## Material to process
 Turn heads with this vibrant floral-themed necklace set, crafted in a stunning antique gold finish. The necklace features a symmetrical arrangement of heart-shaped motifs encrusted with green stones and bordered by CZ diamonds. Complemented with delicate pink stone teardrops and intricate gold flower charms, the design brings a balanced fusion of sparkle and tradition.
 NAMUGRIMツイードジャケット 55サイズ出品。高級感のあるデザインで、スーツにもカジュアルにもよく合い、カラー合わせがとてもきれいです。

* * *

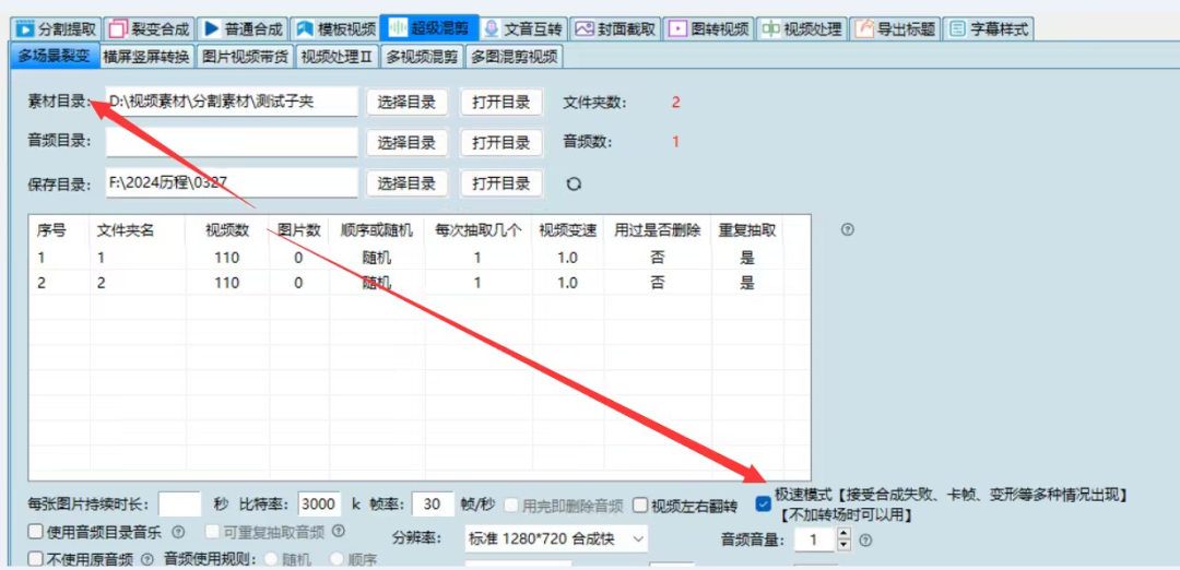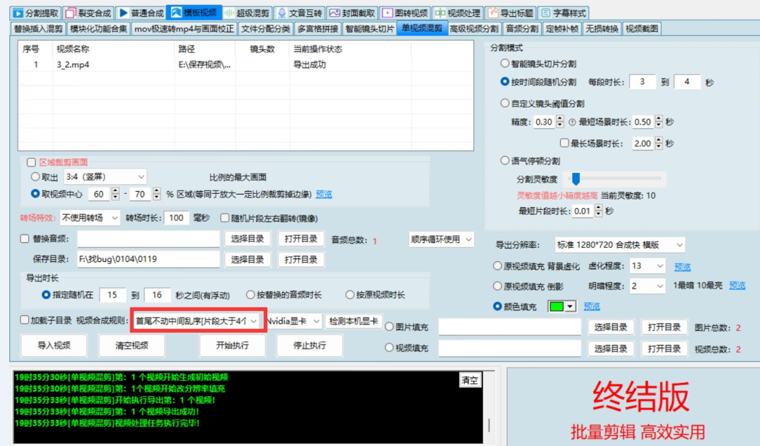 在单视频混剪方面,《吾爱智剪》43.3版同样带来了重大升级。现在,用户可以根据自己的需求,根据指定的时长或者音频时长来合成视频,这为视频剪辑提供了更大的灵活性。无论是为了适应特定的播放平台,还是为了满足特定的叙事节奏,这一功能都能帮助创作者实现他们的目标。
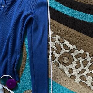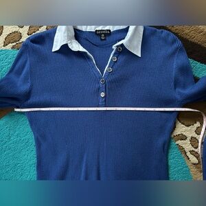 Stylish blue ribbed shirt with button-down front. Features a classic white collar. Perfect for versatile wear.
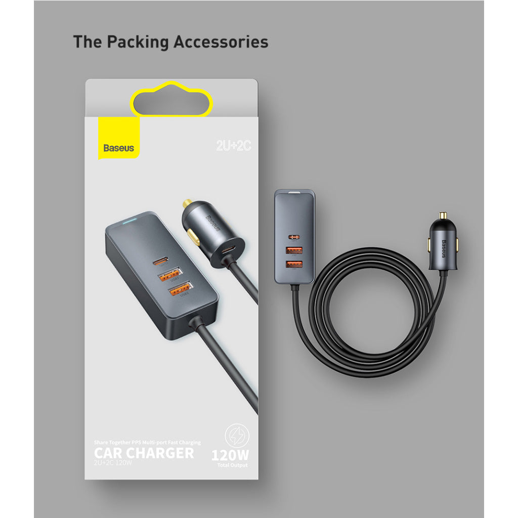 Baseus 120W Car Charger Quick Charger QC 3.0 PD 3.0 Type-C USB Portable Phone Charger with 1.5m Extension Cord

## Task details
To complete this exercise, transcribe exactly the lines above from the one that holds "Stylish blue ribbed" through the one that holds "Baseus 120W Car". Pictures stay out.

## Completed task
 Stylish blue ribbed shirt with button-down front. Features a classic white collar. Perfect for versatile wear.
 Baseus 120W Car Charger Quick Charger QC 3.0 PD 3.0 Type-C USB Portable Phone Charger with 1.5m Extension Cord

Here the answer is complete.